Plus de 1000 personnes ont été blessées, mercredi, dans la capitale égyptienne, où les forces de sécurité ont affronté des milliers de manifestants pour une deuxième journée consécutive.

Les manifestants exigent que les dirigeants militaires de l'Égypte accélèrent les procédures judiciaires contre les membres des forces de sécurité accusés d'avoir commis des actes de brutalité pendant le soulèvement populaire qui a forcé le président Hosni Moubarak à démissionner.

Dans des scènes qui rappelaient la révolution de février, des policiers antiémeute se sont déployés autour des bureaux du ministère de l'Intérieur au Caire et ont tiré des gaz lacrymogènes contre les manifestants qui lançaient des pierres et des cocktails Molotov. L'affrontement a laissé les rues jonchées de débris, tandis qu'un épais nuage de fumée blanche recouvrait le secteur.

En fin d'après-midi, des militaires, appuyés par des véhicules blindés, ont pris la relève des policiers antiémeute qui protégeaient le ministère de l'Intérieur, fermant toutes les rues menant au complexe, selon l'agence officielle égyptienne MENA.

Ces manifestations témoignent des bouleversements en cours en Égypte, près de cinq mois après le départ d'Hosni Moubarak. Le pays fait face à une crise économique qui s'aggrave et à une hausse de la criminalité favorisée par l'effet de vide dans le dispositif de sécurité.

Le jugement des responsables de la mort de quelque 850 manifestants pendant le soulèvement de février, ainsi que des collaborateurs du régime accusés de corruption, est l'une des questions les plus controversées dans l'Égypte post-Moubarak.

Plusieurs Égyptiens accusent le conseil militaire au pouvoir d'être trop révérencieux envers les personnalités de l'ancien régime et trop indulgent envers les hauts dirigeants de la police accusés d'avoir ordonné le meurtre de manifestants.

Une manifestante, Gigi Ibrahim, a affirmé que les forces de sécurité avaient tiré des gaz lacrymogènes contre la foule mercredi.

«C'était comme le 25 janvier», a-t-elle dit, en référence au premier jour du soulèvement. «Les manifestants sont très en colère, soit parce que les changements ne sont pas venus, soit parce le Conseil suprême des forces armées n'en a pas fait assez» pour répondre à leurs demandes, a-t-elle ajouté.

Selon le ministre de la Santé cité par l'agence MENA, quelque 900 blessés ont été soignés dans les rues par des médecins et des infirmières volontaires, et plus de 120 autres ont été transportés à l'hôpital en ambulance.

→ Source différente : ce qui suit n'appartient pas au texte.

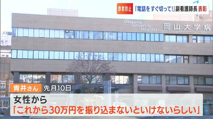 「電話をすぐ切って!」とっさの判断で、80代の女性患者の特殊詐欺被害を未然に防ぎました。岡山大学病院の副看護師長の女性に、警察から感謝状が贈られました。
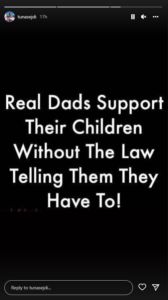 “Baballarët e vërtetë i mbështesin fëmijët e tyre pa iu thënë ligji që duhet t’i mbështesin.”, ka shkruar ajo.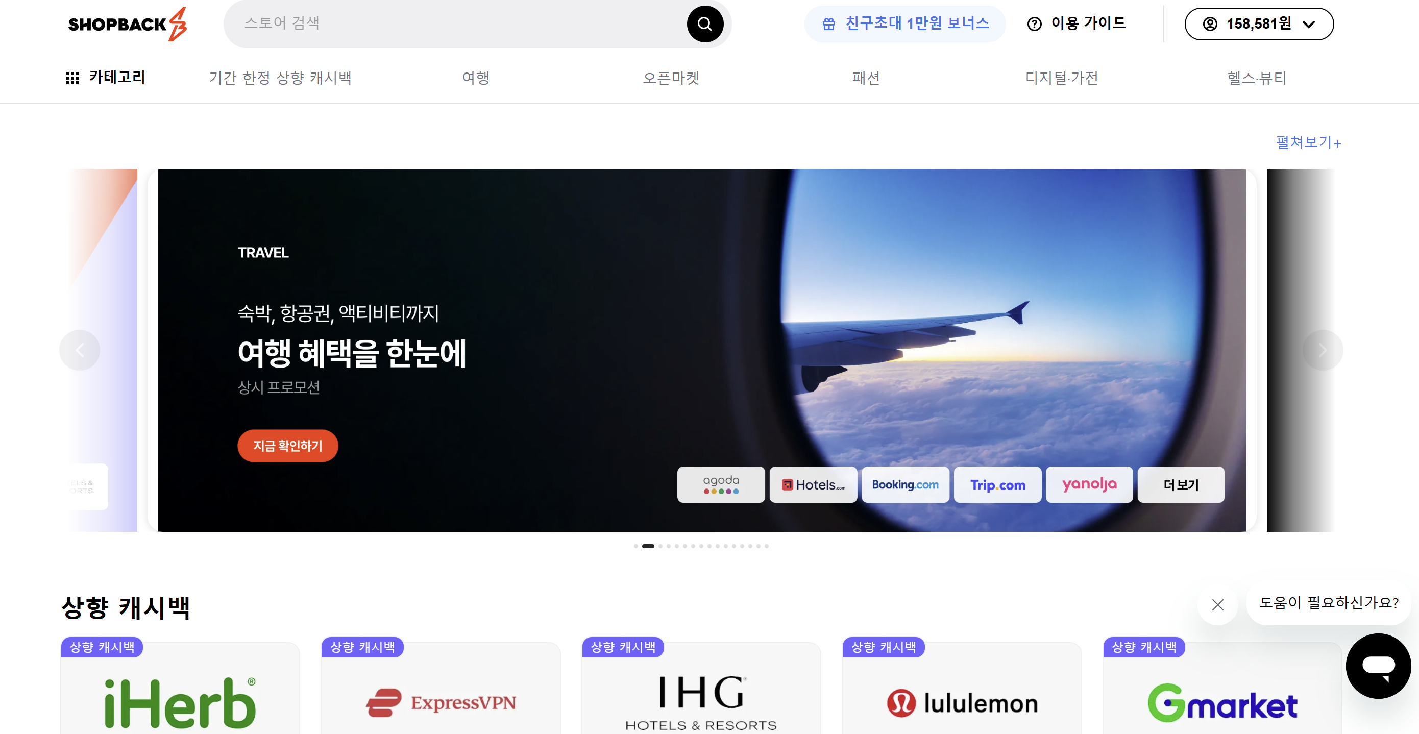 위에 표시된 부분의 금액을 결재한 후 60개월(서비스 환불 기간 지난 후) 내로 환급을 받는다. 100%! 유튜버 분들이 추천하던 VPN 이라 탐났는데.. 아쉽다. 그 외에도 다양한 카테고리가 있다. 여행, 오픈마켓, 패션, 디지털가전, 헬스뷰티,

La plupart des blessés souffrent d'inhalation de gaz ou de commotion cérébrale, selon les autorités. Au moins 18 véhicules et 11 magasins ont été endommagés.

Le conseil militaire a publié une déclaration sur sa page Facebook, affirmant que les affrontements avaient pour but de «déstabiliser le pays» et de créer des dissensions entre les manifestants et les forces de sécurité. Les dirigeants appellent les Égyptiens à ne pas participer aux manifestations.

Les affrontements ont débuté mardi soir, quand une centaine de personnes affirmant être des proches des victimes de la révolution ont tenté d'entrer de force dans une cérémonie en mémoire de 10 personnes tuées pendant le soulèvement. Une échauffourée a éclaté quand les gardes de sécurité les ont empêchés d'entrer dans la salle.

La police a arrêté sept personnes, mais les autres manifestants se sont déplacés vers l'édifice de la télévision nationale, de l'autre côté du Nil. Ils ont convaincu d'autres proches de victimes qui manifestaient devant l'édifice de se joindre à eux.

Ensemble, ils ont marché vers les bureaux du ministère de l'Intérieur, où ils ont affronté la police, avant de se diriger vers la place Tahrir, épicentre du soulèvement de février. Ils ont encore affronté les policiers, jusqu'à ce que les autorités ordonnent aux forces de l'ordre de se retirer.

Au plus fort de la manifestation mardi soir, quelque 6000 manifestants occupaient la place Tahrir.

Mercredi soir, les affrontements étaient surtout concentrés dans les rues menant au ministère de l'Intérieur, près de l'Université américaine du Caire.

La place Tahrir était fermée à la circulation mercredi, et quelque 1500 manifestants s'y trouvaient toujours.